William Theodore Van Doren. Sunset from Stony Point, Albemarle County, Va. Oil on watercolor block, 16 x 20.

Out in the fields/woods, while Flint chased what he contended was a fox, it was a transitional day – or a day that gave the illusion of transition. With a mild west breeze, it was more like margins of January and margins of March and April overlapped, throwing the day out of time. Patches of granular icy snow bordered lanes of thawed mud the more slippery for overlaying frozen earth. Ahead on the jeep trail, the sun bounced off a wet mat of dead leaves and snow melt. In the cutover field of scrubby trees, the immature trees let in the strong sunlight, but today you could believe it was the force of the sun that blasted the field and stunted the trees.

The sun was merely making a feint toward another season. For someone like me, with my vague grasp of the calculus behind the duration of winter, it seems on a day like this that the sun can do anything, that it can hold back and keep winter here, or pour down and make winter spring.

Thursday
Jan072010

Sunset, Thursday, 7 January 2010

William Theodore Van Doren. Sunset from Stony Point, Albemarle County, Va.
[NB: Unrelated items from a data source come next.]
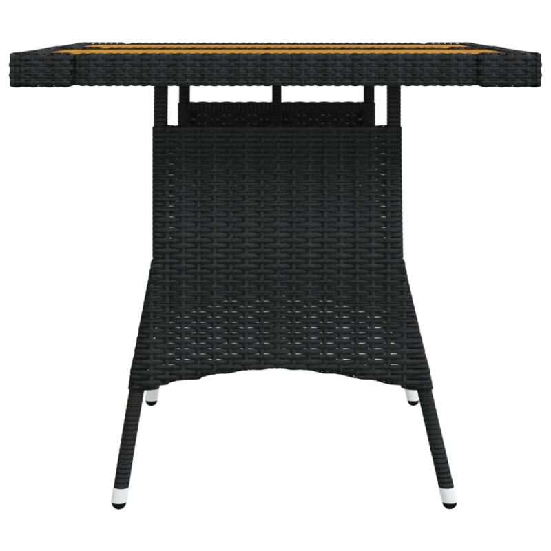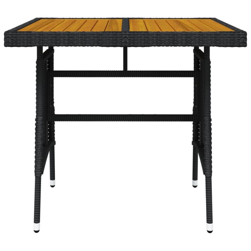 Градинска маса, черна, 70x70x72 см, полиратан и акация масив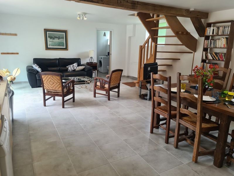 Il comprend : au rez de Chaussée une vaste pièce avec une salle à manger-cuisine, et un salon ouvert sur le salon de jardin avec Barbecue. 1 wc indépendant. A l'étage : un grand palier, 1 chambre (3 lits 0,90 m), 1 chambre (1 lit 1,60 m), salle d'eau avec wc. Le stationnement sécurisé dans la cour permet aussi le rechargement d'un véhicule électrique avec une prise renforcée green up. Un barbecue est à disposition. des séjours de quelques jours à plusieurs semaines sont possibles.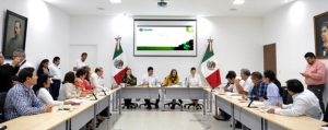 MÉRIDA YUCATÁN A 26 DE DICIEMBRE DE 2018 .- Diputados de cinco fuerzas políticas se manifestaron en contra del Impuesto Ambiental sobre la extracción de materiales de suelo y subsuelo, que afectaría al sector vivienda, durante la reunión que sostuvieron con la Secretaria de Administración y Finanzas, Olga Rosas Moya, en el seno de la comisión de Presupuesto, Patrimonio Estatal y Municipal.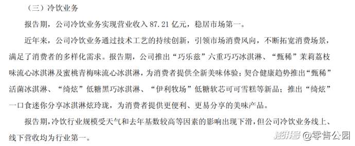 一般而言,消費者更傾向于在炎熱夏季選購冷凍飲品,進入寒冷的秋冬季后,對這類產品的購買意愿會顯著降低。比如,2024年財報顯示,伊利冷飲業務營收87.21億元,同比驟降18.4%,主要系“天氣和去年基數較高等因素的影響”。

Oil on watercolor block, 16 x 20.

A few snow showers along the Blue Ridge at sunset.

Earlier I pulled up to an intersection and beyond the red light thought I saw a pink flush over the haze horizon. Colors of coral and starfish, I decided. Long thin white clouds were foam. The blue sky between them turned out to be just that – blue sky. I was surprised to realize everything around me on the ground was the ocean and I was looking up through its surface.

Wednesday
Jan062010

Sunset, Wednesday, 6 January 2010

William Theodore Van Doren. Sunset from Stony Point, Albemarle County, Va. Oil on watercolor block, 16 x 20.

The big blue-green copper dome extends beyond blue snow mountains, past amethyst clouds, above carved oaks of gray-brown agate, over fields of broken green and white marble, over our house of sugar and salt, and my slate painted with powders of iron and zinc, glazed with ice. Crystalline evening.

Wednesday
Dec302009

Pairs

Painted lines on a vast parking lot, clouds in the blue sky. Dirt on heaps of snow along the road, streaks of gray in the white clouds. Flashing light of the rescue squad coming to someone’s aid, the red sunrise. The snowy blue-gray Southwest Mountains stretched out in a wave pattern, blue-gray-white clouds stretching behind the Southwest Mountains in a wave pattern. I don’t know where metaphor ends and reality begins.

Tuesday
Dec292009

Sunset, Tuesday, 29 December 2009

William Theodore Van Doren. Sunset from Stony Point, Albemarle County, Va. Oil on watercolor block, 16 x 20.

There’s a winter landscape right between a freeze and a thaw, and you may interpret it differently depending on which direction it’s taking. Some ground shows, in places even almost dry, there’s a beaten-back green inside the dead-straw matted grass – while entire fields remain solidly white. The sky approaching sunset doesn’t tip off any colors or show any clouds. We might have a solemn sinking of the sun and a falling thermometer, and no reassuring music to go along with it. Then at the last minute, even though it is indeed turning cold, we hear a little tune for a winter sunset.